§ **EXCERPTED DATA**:
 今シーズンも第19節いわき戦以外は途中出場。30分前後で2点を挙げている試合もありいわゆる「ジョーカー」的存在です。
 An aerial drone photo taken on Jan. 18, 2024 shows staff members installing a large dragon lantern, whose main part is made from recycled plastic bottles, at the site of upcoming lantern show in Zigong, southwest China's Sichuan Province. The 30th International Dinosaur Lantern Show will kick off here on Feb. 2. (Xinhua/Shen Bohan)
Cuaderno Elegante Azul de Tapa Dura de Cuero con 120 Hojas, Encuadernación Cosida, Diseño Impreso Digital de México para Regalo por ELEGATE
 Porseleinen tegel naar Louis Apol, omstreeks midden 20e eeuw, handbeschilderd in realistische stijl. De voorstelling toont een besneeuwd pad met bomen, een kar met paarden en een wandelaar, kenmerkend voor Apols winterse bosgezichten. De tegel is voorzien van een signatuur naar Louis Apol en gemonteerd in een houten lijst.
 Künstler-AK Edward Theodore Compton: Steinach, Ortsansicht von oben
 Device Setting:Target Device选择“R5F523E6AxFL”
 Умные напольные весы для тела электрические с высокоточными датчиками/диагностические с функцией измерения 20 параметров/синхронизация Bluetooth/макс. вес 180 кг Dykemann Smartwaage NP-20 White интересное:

---

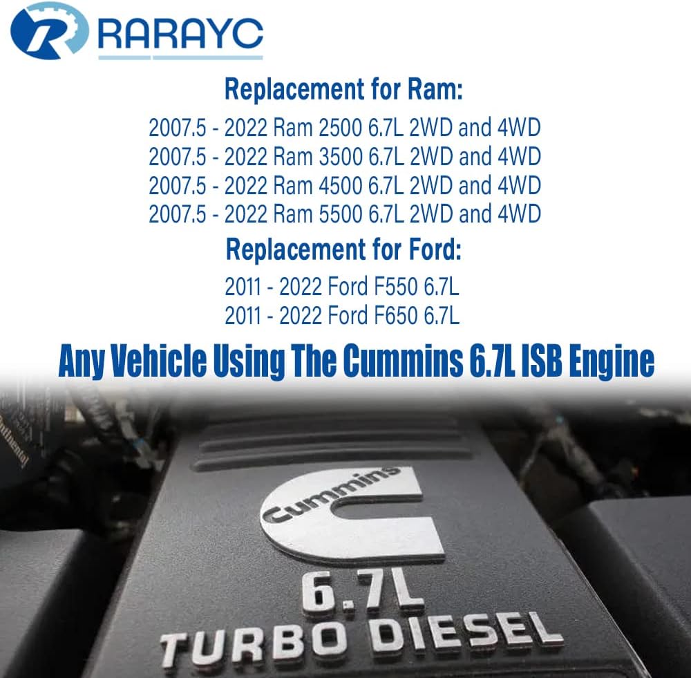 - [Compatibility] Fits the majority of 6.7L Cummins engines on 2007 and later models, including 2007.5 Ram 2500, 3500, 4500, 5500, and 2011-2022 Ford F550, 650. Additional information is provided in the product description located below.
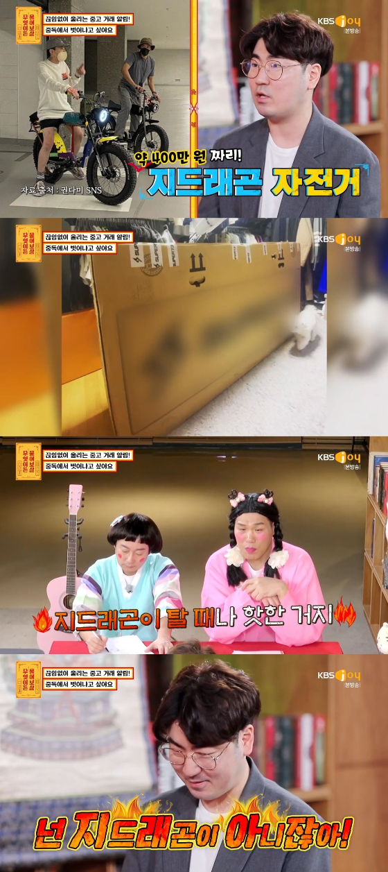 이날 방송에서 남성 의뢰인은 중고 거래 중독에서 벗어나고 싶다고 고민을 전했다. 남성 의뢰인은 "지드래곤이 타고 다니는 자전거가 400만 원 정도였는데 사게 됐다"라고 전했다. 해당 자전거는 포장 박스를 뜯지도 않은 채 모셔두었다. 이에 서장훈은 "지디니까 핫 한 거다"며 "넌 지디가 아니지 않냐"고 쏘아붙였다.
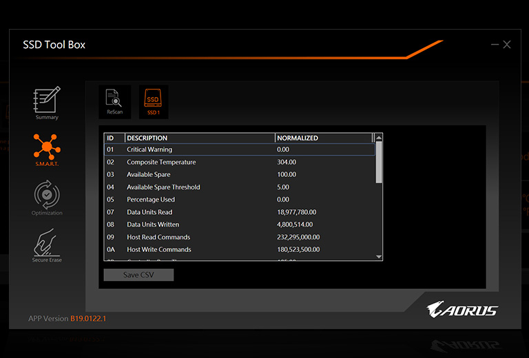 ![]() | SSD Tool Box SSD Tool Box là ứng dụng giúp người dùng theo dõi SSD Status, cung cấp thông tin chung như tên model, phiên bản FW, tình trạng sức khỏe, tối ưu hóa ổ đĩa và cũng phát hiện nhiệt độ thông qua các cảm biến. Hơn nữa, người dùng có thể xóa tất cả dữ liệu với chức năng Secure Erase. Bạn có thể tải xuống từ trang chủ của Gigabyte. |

==

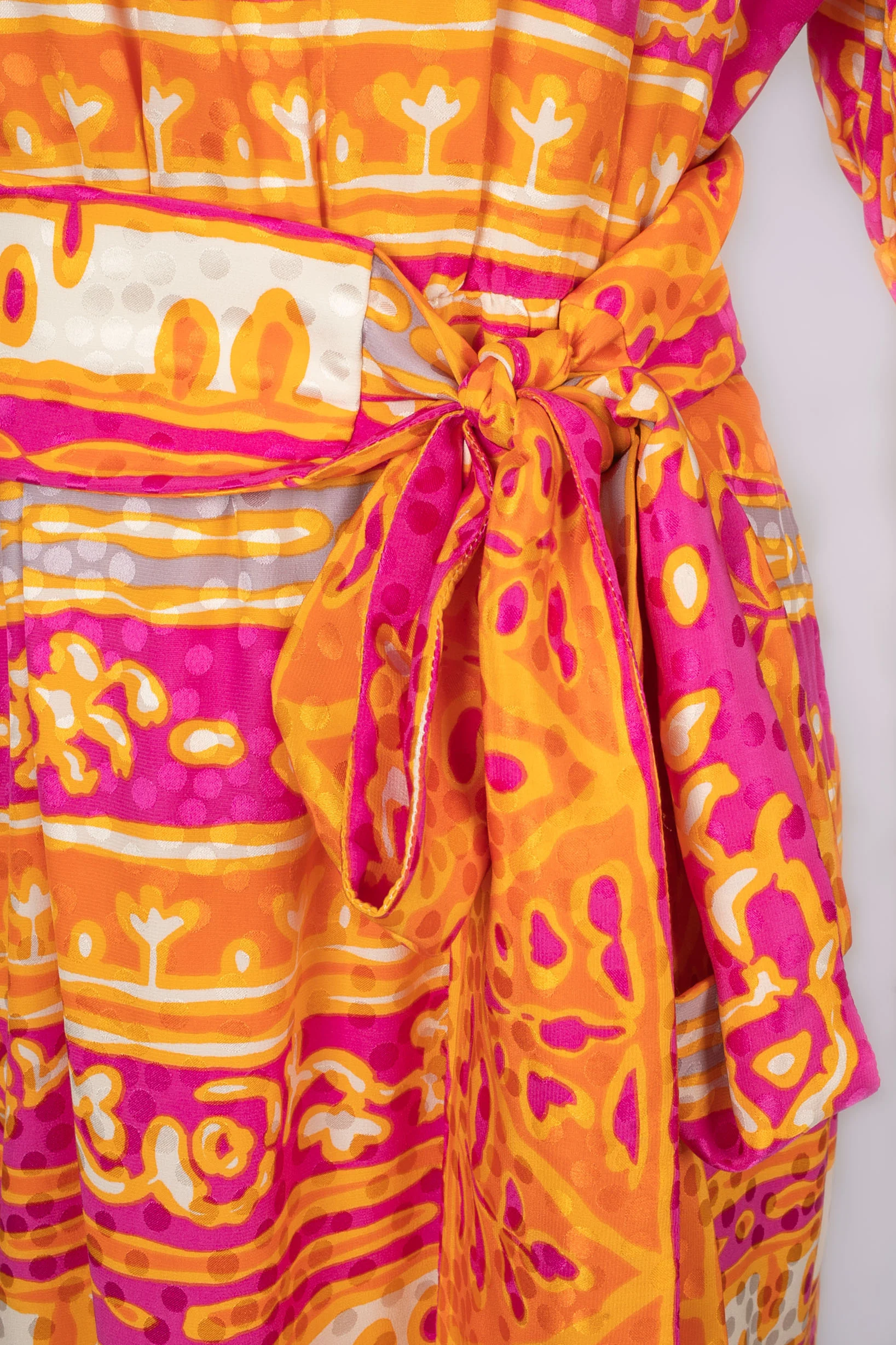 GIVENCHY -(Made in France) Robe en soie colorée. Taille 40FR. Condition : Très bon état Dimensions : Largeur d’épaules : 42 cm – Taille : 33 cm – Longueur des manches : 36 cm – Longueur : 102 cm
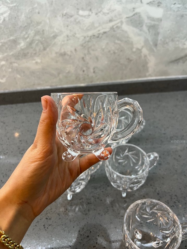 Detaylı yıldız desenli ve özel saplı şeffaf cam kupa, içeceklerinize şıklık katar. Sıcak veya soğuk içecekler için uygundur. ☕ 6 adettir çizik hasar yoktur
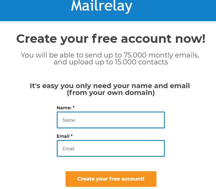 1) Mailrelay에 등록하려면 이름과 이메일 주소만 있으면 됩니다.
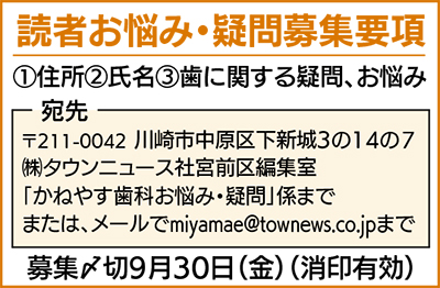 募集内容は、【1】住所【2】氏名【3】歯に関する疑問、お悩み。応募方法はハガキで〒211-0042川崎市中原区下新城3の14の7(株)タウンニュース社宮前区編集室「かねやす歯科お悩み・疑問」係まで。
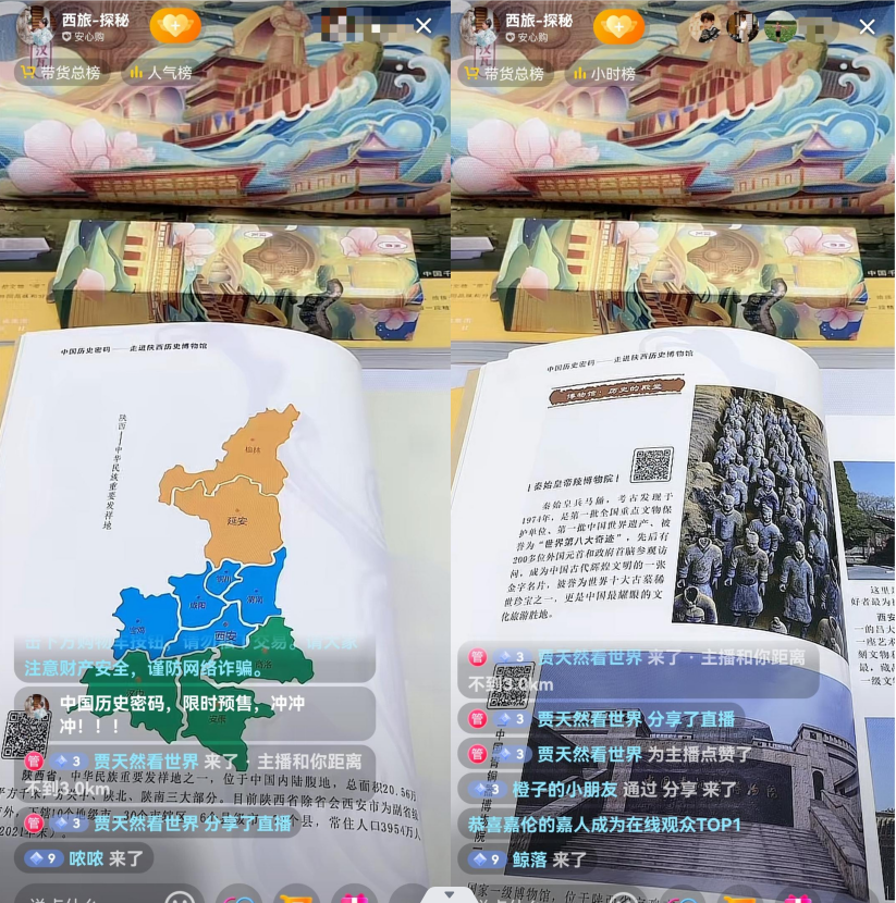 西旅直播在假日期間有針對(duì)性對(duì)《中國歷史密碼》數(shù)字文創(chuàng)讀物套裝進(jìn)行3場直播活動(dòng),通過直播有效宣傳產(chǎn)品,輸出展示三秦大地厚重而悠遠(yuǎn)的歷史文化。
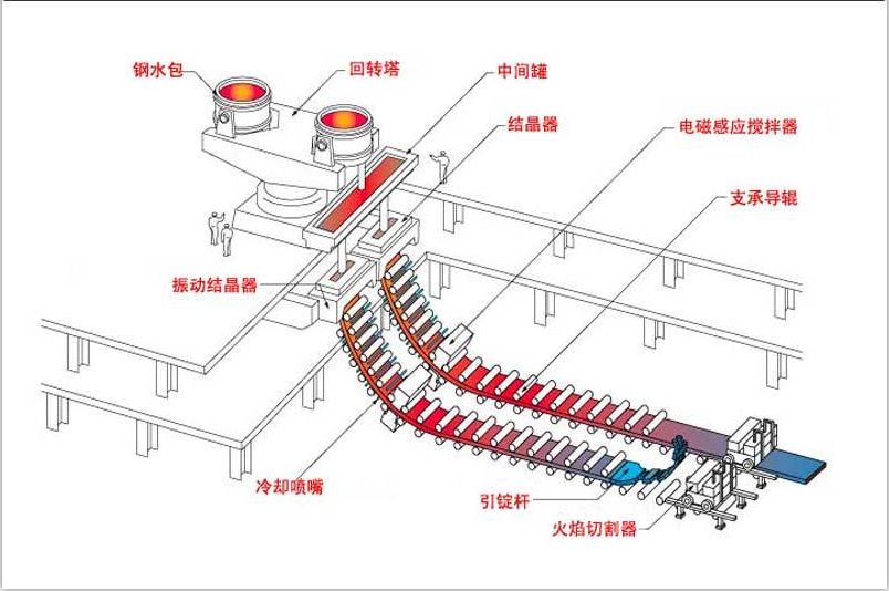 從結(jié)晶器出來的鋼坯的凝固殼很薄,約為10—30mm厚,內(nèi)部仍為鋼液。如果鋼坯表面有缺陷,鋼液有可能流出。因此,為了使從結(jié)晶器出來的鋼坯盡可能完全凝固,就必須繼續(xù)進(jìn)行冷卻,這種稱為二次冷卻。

§ **REQUIREMENT**: Copy word for word only the lines above from the one with "- [Compatibility] Fits" through the one with "của Gigabyte. |". Leave pictures out.

§ **EXERCISE RESULT**:
 - [Compatibility] Fits the majority of 6.7L Cummins engines on 2007 and later models, including 2007.5 Ram 2500, 3500, 4500, 5500, and 2011-2022 Ford F550, 650. Additional information is provided in the product description located below.
 이날 방송에서 남성 의뢰인은 중고 거래 중독에서 벗어나고 싶다고 고민을 전했다. 남성 의뢰인은 "지드래곤이 타고 다니는 자전거가 400만 원 정도였는데 사게 됐다"라고 전했다. 해당 자전거는 포장 박스를 뜯지도 않은 채 모셔두었다. 이에 서장훈은 "지디니까 핫 한 거다"며 "넌 지디가 아니지 않냐"고 쏘아붙였다.
 ![]() | SSD Tool Box SSD Tool Box là ứng dụng giúp người dùng theo dõi SSD Status, cung cấp thông tin chung như tên model, phiên bản FW, tình trạng sức khỏe, tối ưu hóa ổ đĩa và cũng phát hiện nhiệt độ thông qua các cảm biến. Hơn nữa, người dùng có thể xóa tất cả dữ liệu với chức năng Secure Erase. Bạn có thể tải xuống từ trang chủ của Gigabyte. |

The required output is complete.